Presynaptic plasticity is often mediated by eCBs. Therefore, we examined the application of a nonhydrolysable form of the eCB anandamide, R(+)methanandamide, to see whether it would also induce depression of EPSCs, similar to that seen by HFS-induced LTD. Indeed similar to HFS, R(+)methanandamide induced significant depression (Fig. 2A). The usual mediator of eCB production is Type I mGluR activation. To test this, we applied the Type I mGluR agonist DHPG and once again observed significant depression (Fig. 2B). In the presence of the mGluR5 antagonist MPEP, HFS-LTD was blocked, suggesting that mGluR5 is required and sufficient for this plasticity (Fig. 2C). To further confirm that a postsynaptic GPCR such as mGluR was involved, a GDP analog, GDPβS, was added to the internal solution to block postsynaptic g-protein activation (Fig. 2D). After waiting at least 10 min for GDPβS to dialyze into the cell, HFS was applied. In the presence of GDPβS, HFS-LTD was inhibited, suggesting that postsynaptic GPCRs are necessary to initiate LTD and that the g-protein signal cascade involved is directly mediated by GABA cells. Collectively, these data support an eCB/mGluR5 pathway of LTD induction.
Among the candidate receptors known to bind eCBs and induce plasticity are TRPV1 and CB1. The TRPV1 antagonist capsazepine did not block HFS-induced LTD, suggesting that TRPV1 is not involved (Fig. 3A). However, application of the CB1 antagonist AM-251 effectively blocked LTD (Fig. 3B), suggesting that CB1 is required for HFS-LTD.
To verify CB1 involvement, we applied CB1 agonists without HFS to see whether agonist could induce a depression mimicking LTD. Win 55,212-5, an exogenous CB1 agonist, induced depression of ESPCs (Fig. 4A). To further confirm the involvement of eCBs and CB1 in HFS-LTD, occlusion experiments were done in which the cells were treated with Win55,212-2, then HFS was applied. Further depression by HFS was occluded, suggesting a single, common pathway of CB1 activation and HFS-induced LTD (Fig. 4A). The specificity of Win 55,212-2 for CB1 is noted as AM-251 blocked Win 55,212-2-induced depression (Fig. 4B). The endogenous agonist of CB1, 2-AG, also induced similar depression of EPSCs (Fig. 4C).
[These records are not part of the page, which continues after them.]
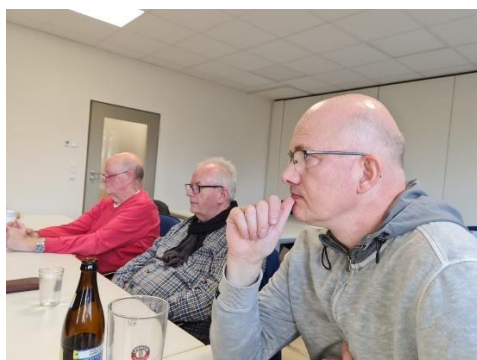
Aufmerksam und gespannt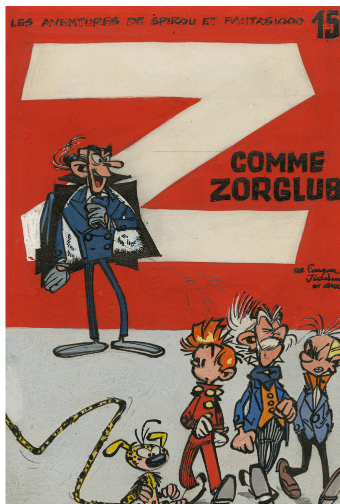
André Franquin, Z comme Zorclub - Spirou et Fantasio

Une occasion unique de découvrir couvertures, planches et illustrations qui ont marqué et marquent encore l'Histoire du Neuvième art.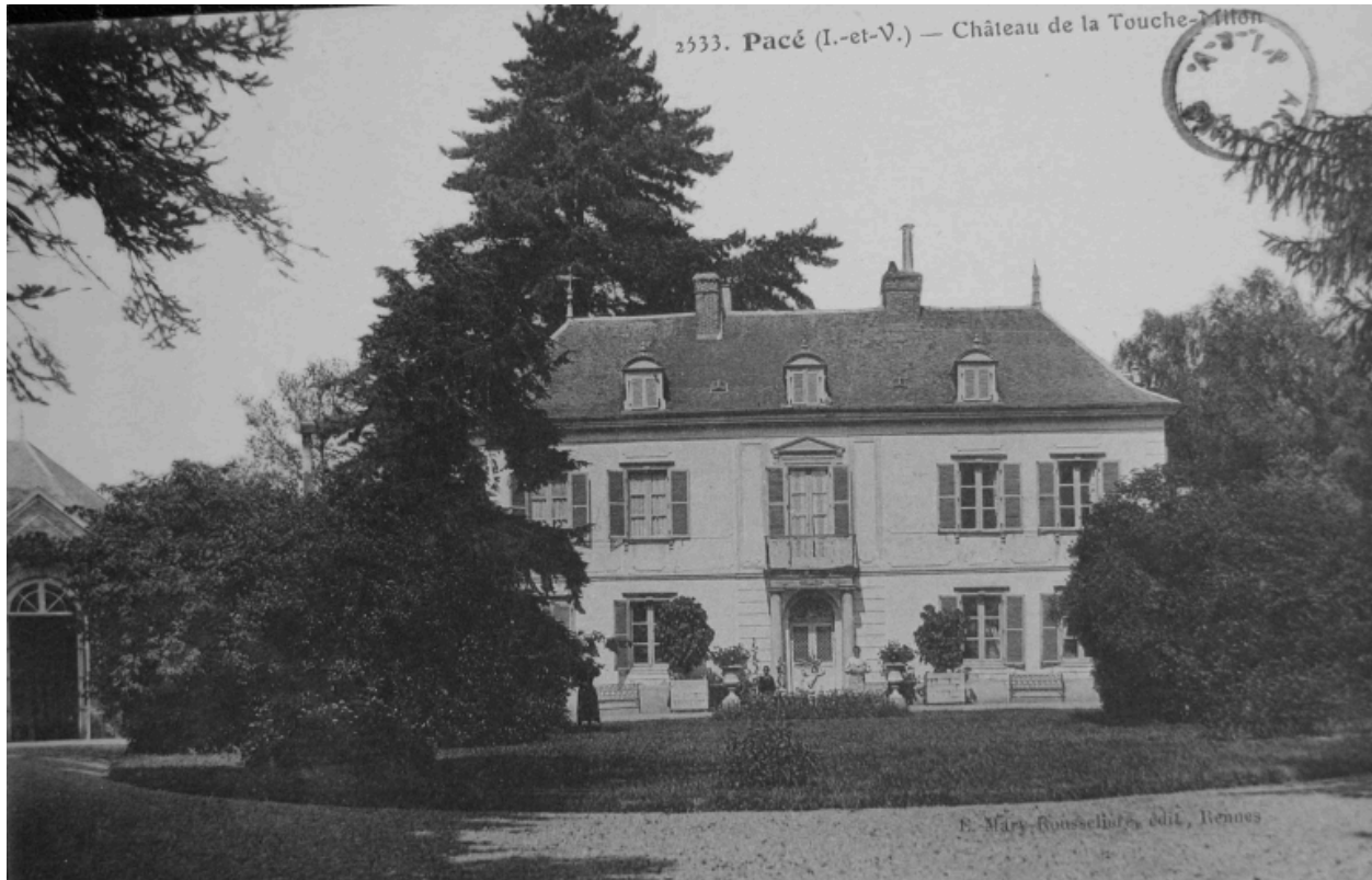
Le château de la Touche Milon. Carte postale vers 1900.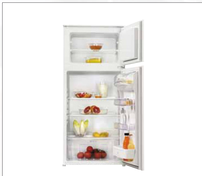
Nische 123 cm Kühl-/Gefrierkombination****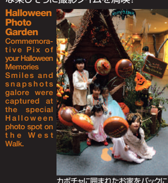
カボチャに囲まれたお家をバックにハイチーズ♪

今年もウェストウォークにフォトスポットが登場。家族連れで、カップルで、みんな楽しそうに撮影タイムを満喫!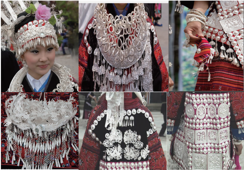
图 33 现代湘西苗族银饰 3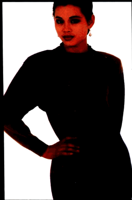
款 16 梯形中长套衫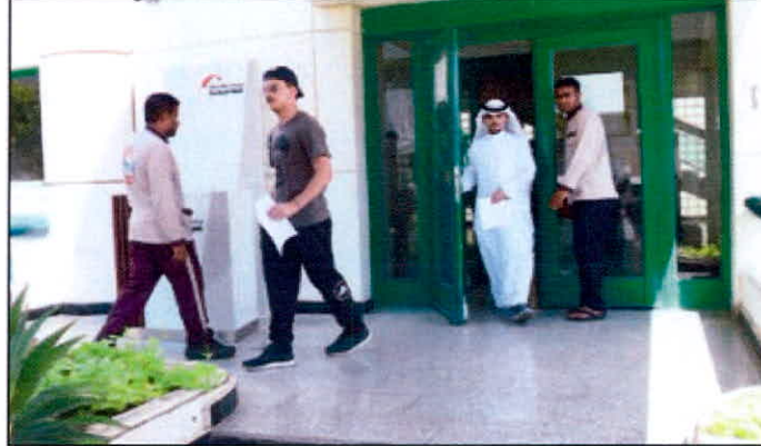
استكمال الجداول شغل طلاب «التطبيقي» في أول يوم للدراسة (المعد علي)

حضور ضعيف من القدامى.. وازدحام مروري بمحيط مباني الهيئة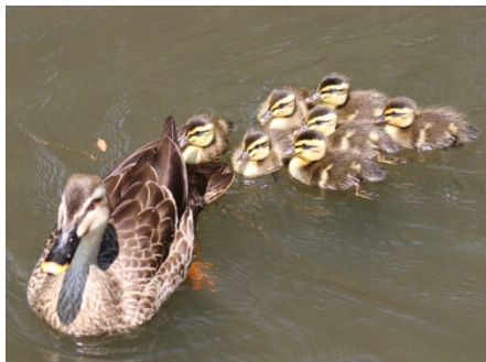
カルガモ（区内で撮影）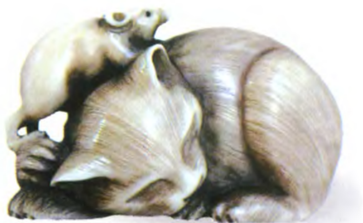
Кот и крыса. Япония, 19 в., мастер Хироаки, резное дерево

Наряду с лисами и енотами, кошки в Японии считались животными-оборотнями. В отличие от своих мифических собратьев кицунэ и тануки, кошки-оборотни часто помогают людям. Старинная японская легенда рассказывает о кошке, которая жила в заброшенном храме. Вскоре она стала выходить на ближайшую дорогу, садиться на задние лапы и поднимать лапку, как бы в знак приветствия. Вскоре люди, узнав о столь необычной кошке, потянулись к храму, чтобы посмотреть своими глазами на это диво. Так храм вернул себе утраченную популярность. С тех пор в Японии фигурка кошки с поднятой передней лапой считается талисманом, способным приманить счастье, удачу и клиентов.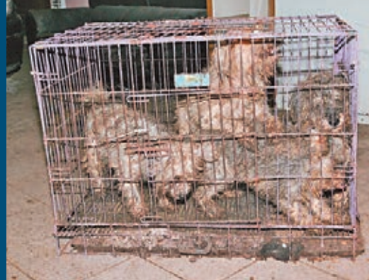
■多隻狗隻共處一籠。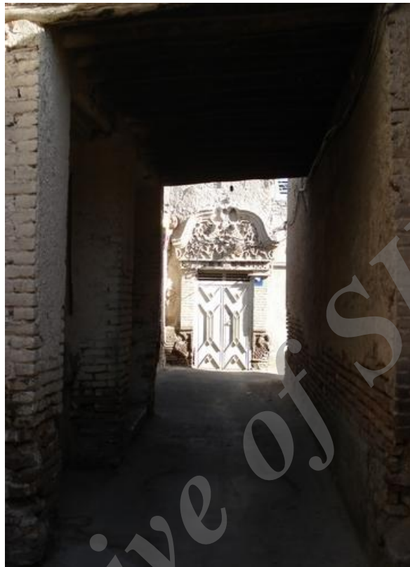
شکل ۷ بن‌بستی کم‌عرض و مسقف (محل بازار)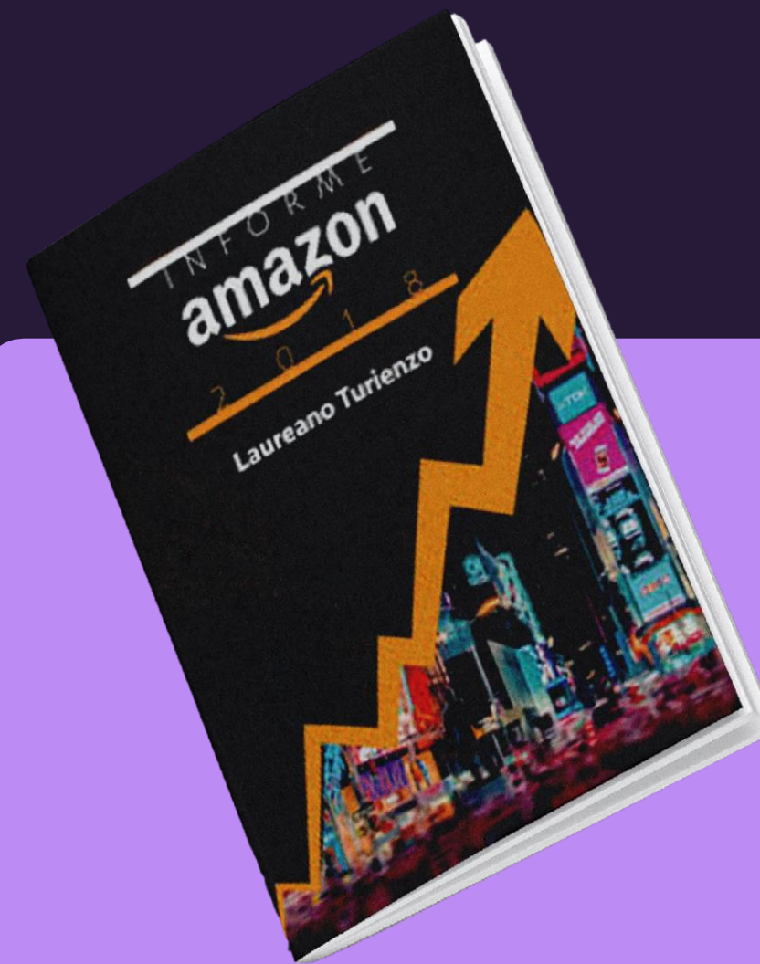
Informe Amazon 2018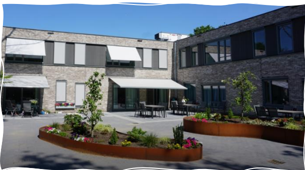
Afbeelding: Futurahuis Den Bosch

Het Futurahuis aan de Meester van Merwicklaan 38 in Den Bosch, is gelegen in de bestaande woonwijk Maaspoort aan de rand van Den Bosch en prachtig verscholen in het groen.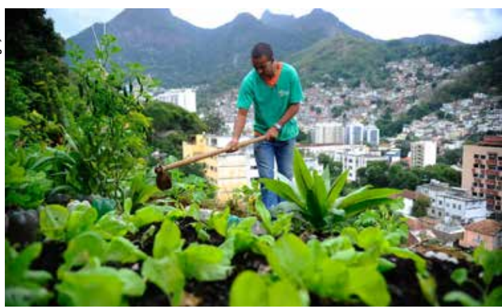
Quando o alimento é produzido perto dos consumidores, há potencial redução dos custos.

Esse é um dos alertas feitos por especialistas do Instituto Escolhas e da Cátedra Josué de Castro, da Faculdade de Saúde Pública da USP.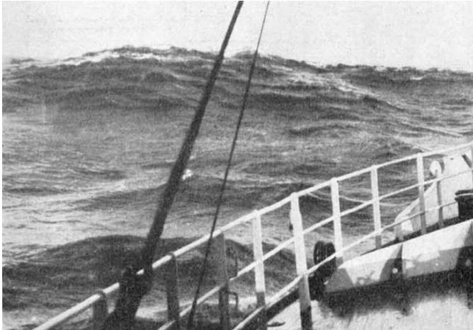
Die „Meerkatze“ zwischen den Wellenberg bei Windstärke 10

getrieben und verleiht diesem dann einen weißlich - grauen Anblick. Zur selben Zeit setzt dann auch das charakteristische dumpfe Getöse und Heulen in der Atmosphäre um das Schiff ein.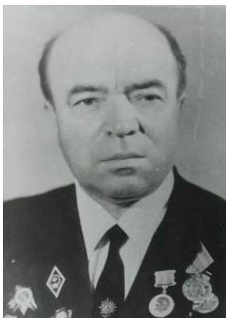
В. Г. Євтушенко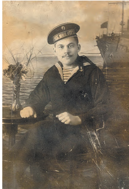
■ Г.Г. Добротворский – матрос революционного экипажа крейсера «Аврора», 1917 г.

Прокопьевск (Спец. корр. «Кузбасса»). В Прокопьевске живет и работает Гавриил Георгиевич Добротворский – бывший старшина-электрик легендарного крейсера «Аврора».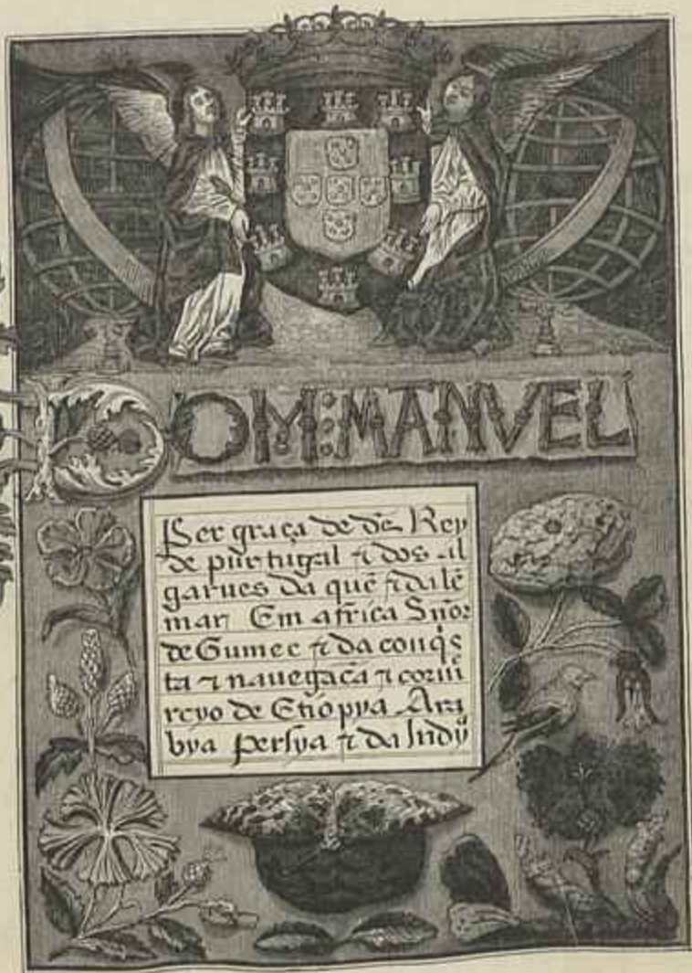
PRINCIPIO DO FORAL DE EL-REI D. MANUEL

Gravura extrahida do livro Monumentos e Lendas de Santarem — Edição de David Corazzi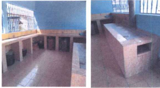
Foto 1: Suministro de estufa rural de 2 x 0.90 x 0.60 mts. Suministro de eszulejo en parte inferior de mueble fijo de concreto. Suministro de puerta demetal para gabinete de cocina.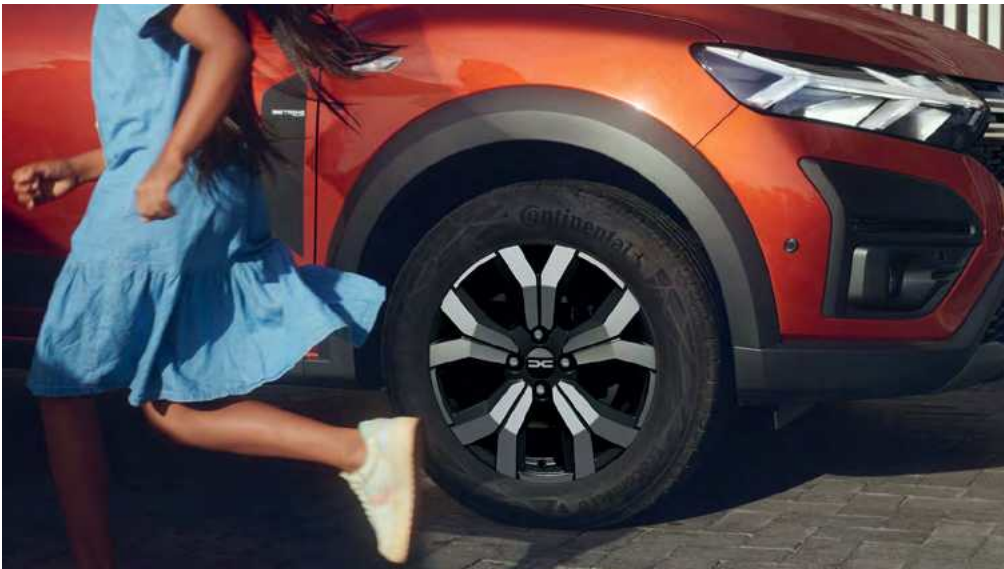
חישוקי סגסוגת חדשים

עם מרווח גחון גבוה, קשתות גלגלים מודגשות וקורות מודולריות על הגג, Jogger החדש מתאפיין בעיצוב קשוח שכובש כל דרך, והופך אותו לרכב אידיאלי למשפחות בעלות אורח חיים דינמי. הייעוד של ה-Jogger הוא להיות שותף מתמיד לחיי היומיום של משפחות המעוניינות לבלות מחוץ לעיר ובחיק הטבע. תוכלו לקחת את כל המשפחה לטיולים ואם תרצו, צרפו גם את החברים של הילדים.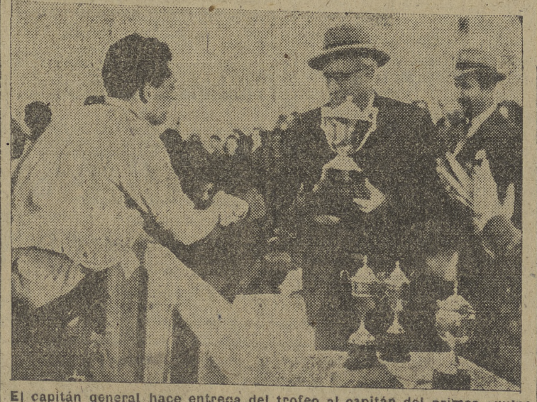
El capitán general hace entrega del trofeo al capitán del primer equipo clasificado.

En la mañana del domingo asistió también numeroso público al partido de hockey. Jugaron el Junior, de Madrid, y el Español, de La Coruña.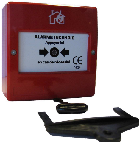
déclencheur DMA05 et accessoires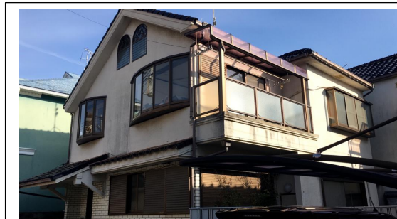
Uusi kotitalomme Kobessa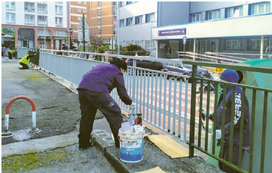
□ Parte del dinero pretende el fomento de empleo.

El Consistorio destinará 600.000 euros adicionales a los planes de empleo dirigidos a apoyar a las personas desempleadas de Galdakao. "Sumados a la cantidad ya aprobada, este año se destinarán 1.200.000 euros a estos programas. El objetivo es claro, facilitar, mediante contratos de seis meses, el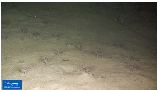
Figure 4 Champs de cérianthaires

De fortes densités de cérianthaires, probablement de l'espèce Arachnanthus oligopodus , ont été observées sur des fonds vaseux à sablo-vaseux (figure 4). Cependant, les informations récoltées ne sont pas assez précises pour pouvoir justifier de la création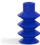
Référence déclinaison : 81 14SLBLEU A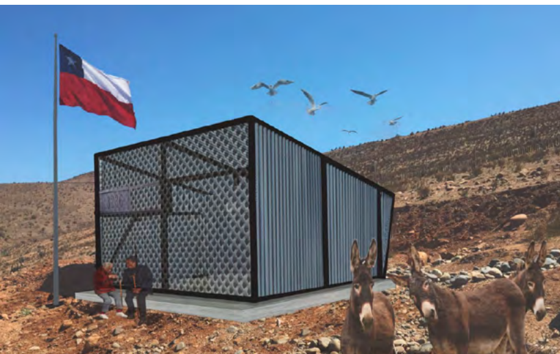
Imagen referencial del proyecto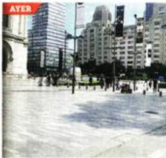
El Andador Ángela Peralta, antes abarrotado por ambulantes, lució ayer despejado.

de cosas y había tantos que puede haber un accidente", apuntó.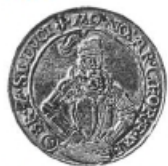
KRN44 – ruce v bok – menší postava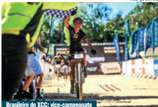
Brasileiro de XCC: vice-campeonato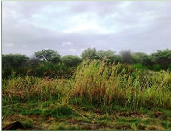
Vista de Parc. U.C. N° 51370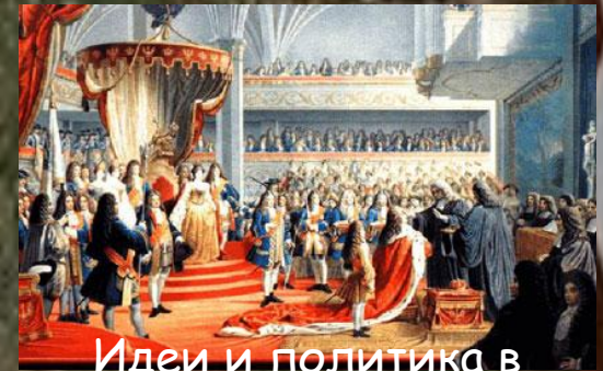
Идеи и политика в Европе в XVIII веке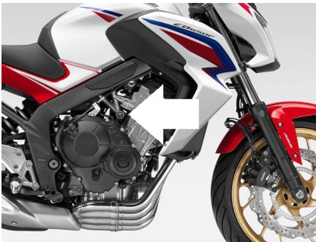
Miejsce montażu (obie strony)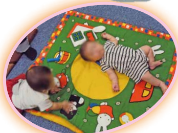
パパも体験！ほほえましいね！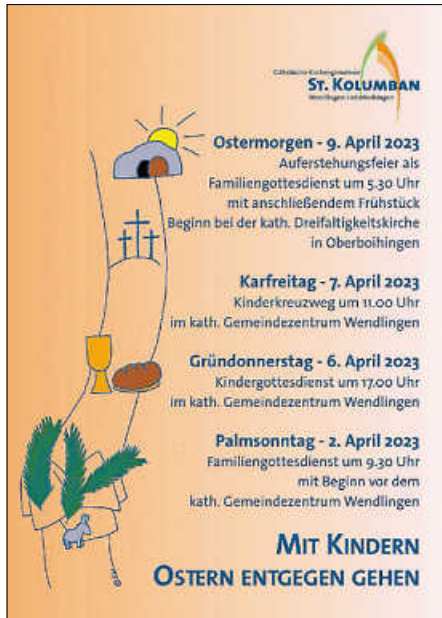
Kindergottesdienste in der Karwoche Plakat: Kath. Kirche Wendlingen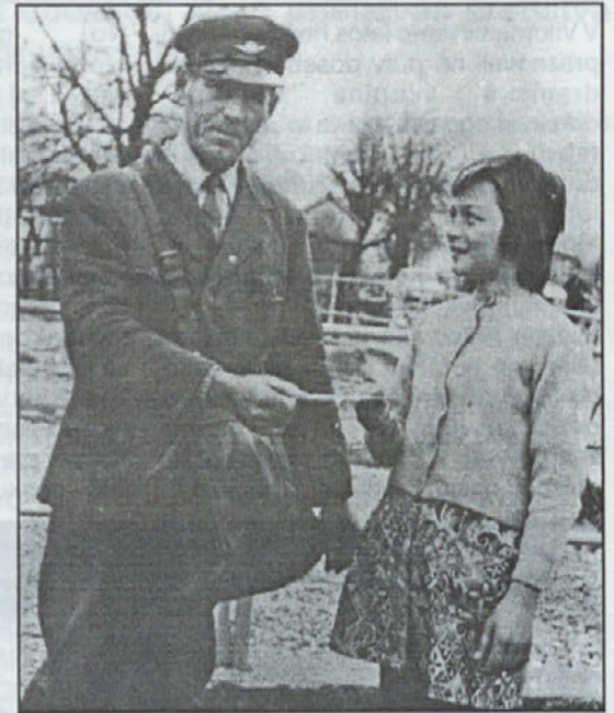
Fotografija iz 1960 leta

V času Kraljevine Jugoslavije se je pošta imenovala Sveti Bolfenk v Slovenskih goricah. Za vsako hišo je imel točno po vrsti zloženo pošto v torbi, v potovnik jo je zložil že na pošti. Vsaka hiša je imela svoj predal, torej 300 označenih predalčkov. Pošto je vedno raznašal po istem

To determine whether 2-AG was the endogenous eCB mediating LTD itself, and whether its production is postsynaptic, RHC 80267, a confirmed diacylglycerol lipase (DAGL) antagonist (Edwards et al., 2006) was applied to the intracellular solution to block this enzyme, which produces 2-AG. After whole-cell acquisition, RHC 80267 was allowed to dialyze into the cell for at least 10 min. When postsynaptic DAGL was blocked, no significant depression was seen following HFS (Fig. 4D). To confirm for drug specificity, an additional DAGL antagonist THL was applied. Bath application of THL (10 μm) for at least 30–60 min also resulted in a significant (p < 0.05) inhibition of LTD (Fig. 4E). Next, to tie Type I mGluR activation to CB1-induced LTD, we applied DHPG in the presence of CB1 antagonist AM-251. AM-251 blocks most of the DHPG-induced depression, which is significantly (p < 0.05) different from DHPG alone (Fig. 4F; DHPG-induced depression was 16.5% with AM-251 present and 47.1% in its absence at 10–15 min after DHPG application). Blocking HFS-LTD by postsynaptically inhibiting 2-AG synthesis (Fig. 4D) suggests that the 2-AG involved in HFS-LTD is made directly by the GABA cell. To further confirm that eCBs are being produced postsynaptically in GABA cells, we examined an additional type of plasticity unique to CB1: DSE. We observed a significant depression following a 10 s depolarization to 0 mV, which was surprisingly persistent throughout the duration of the recording (Fig. 4G). AM-251 blocked this depression (Fig. 4H), suggesting that VTA GABA cells can produce the eCBs that can bind to CB1 in this type of plasticity.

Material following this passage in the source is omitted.